"""
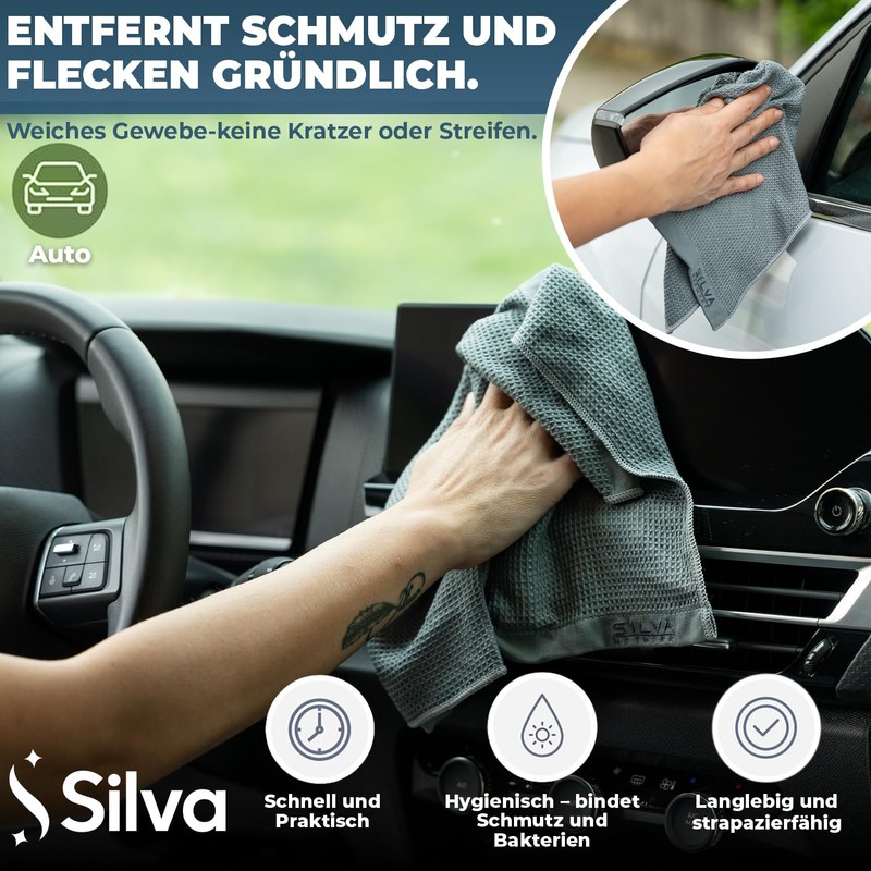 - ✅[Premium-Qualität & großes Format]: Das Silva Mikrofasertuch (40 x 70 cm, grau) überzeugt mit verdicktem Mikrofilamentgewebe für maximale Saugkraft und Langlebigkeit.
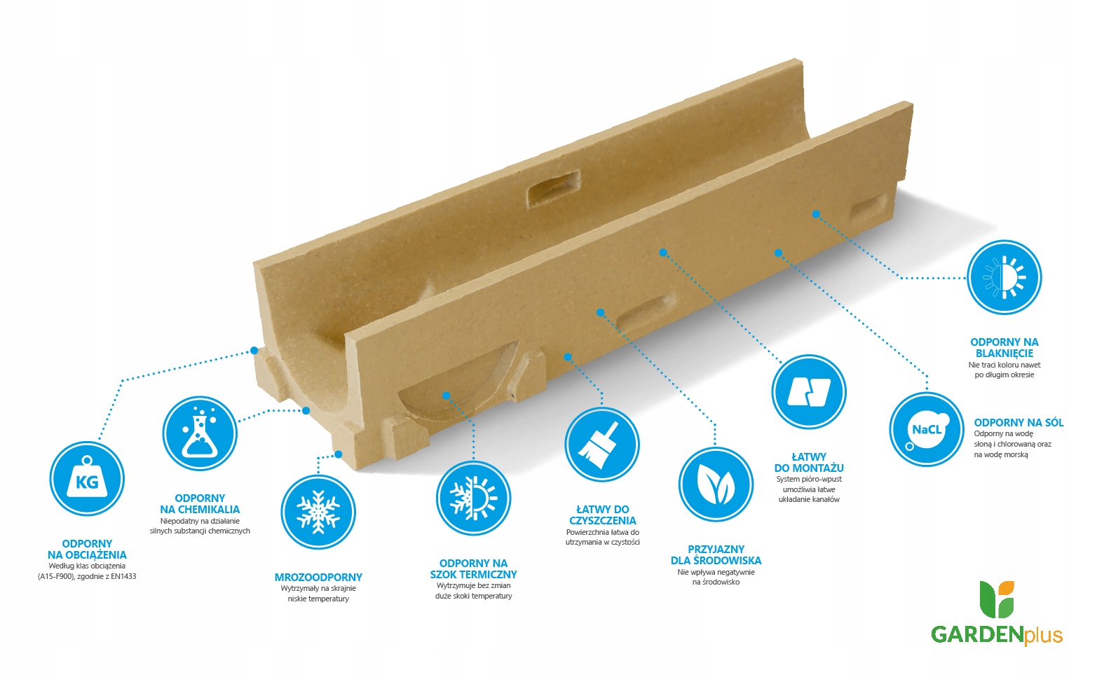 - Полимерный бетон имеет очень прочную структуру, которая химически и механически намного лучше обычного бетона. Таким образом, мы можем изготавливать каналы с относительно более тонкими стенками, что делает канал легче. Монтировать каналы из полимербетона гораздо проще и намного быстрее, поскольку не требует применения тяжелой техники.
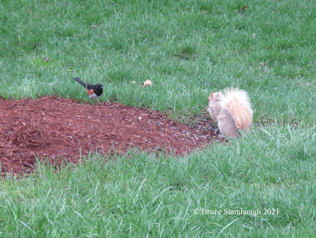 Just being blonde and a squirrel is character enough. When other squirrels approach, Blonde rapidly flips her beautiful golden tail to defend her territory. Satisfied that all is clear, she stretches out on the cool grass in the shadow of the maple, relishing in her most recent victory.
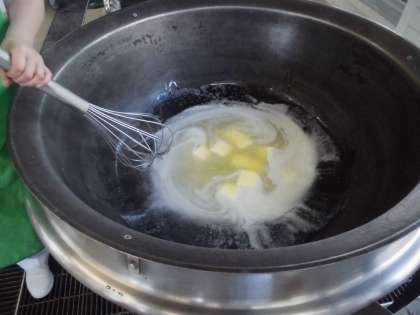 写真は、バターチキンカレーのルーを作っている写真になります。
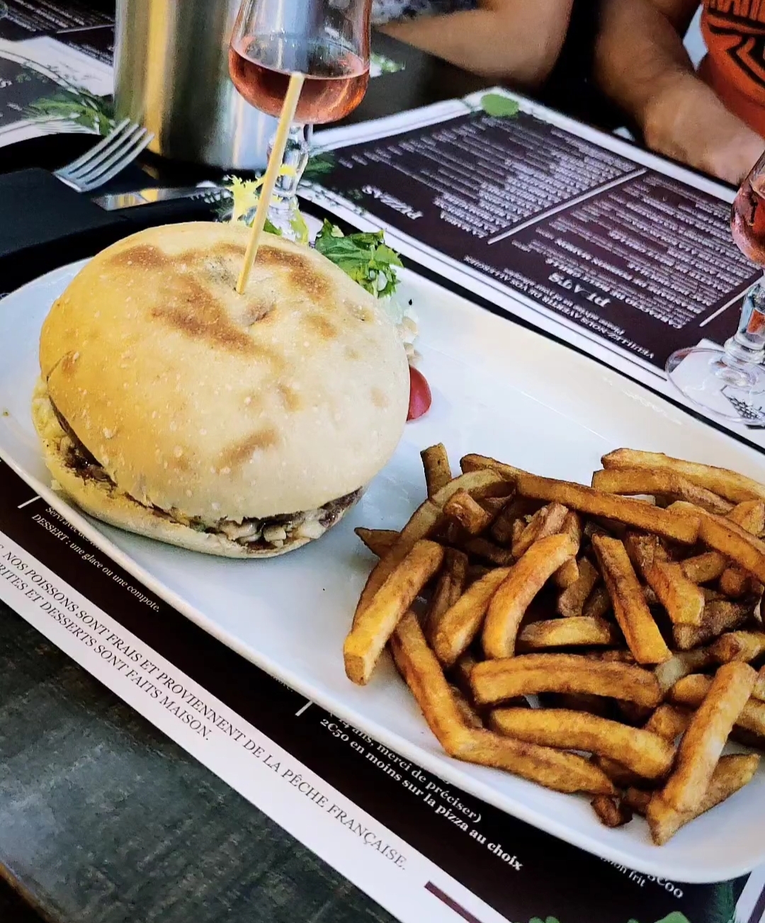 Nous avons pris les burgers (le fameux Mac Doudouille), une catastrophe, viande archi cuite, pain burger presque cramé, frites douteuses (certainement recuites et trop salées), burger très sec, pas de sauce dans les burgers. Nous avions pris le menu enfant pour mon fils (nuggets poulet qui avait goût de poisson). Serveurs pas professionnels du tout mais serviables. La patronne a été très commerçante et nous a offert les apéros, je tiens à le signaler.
"""
Every line from the one bearing "写真は、バターチキンカレーのルーを作っている写真になります。" through the end of the data above must be output exactly, and no picture may appear.

◆ Output for this exercise
 写真は、バターチキンカレーのルーを作っている写真になります。
 Nous avons pris les burgers (le fameux Mac Doudouille), une catastrophe, viande archi cuite, pain burger presque cramé, frites douteuses (certainement recuites et trop salées), burger très sec, pas de sauce dans les burgers. Nous avions pris le menu enfant pour mon fils (nuggets poulet qui avait goût de poisson). Serveurs pas professionnels du tout mais serviables. La patronne a été très commerçante et nous a offert les apéros, je tiens à le signaler.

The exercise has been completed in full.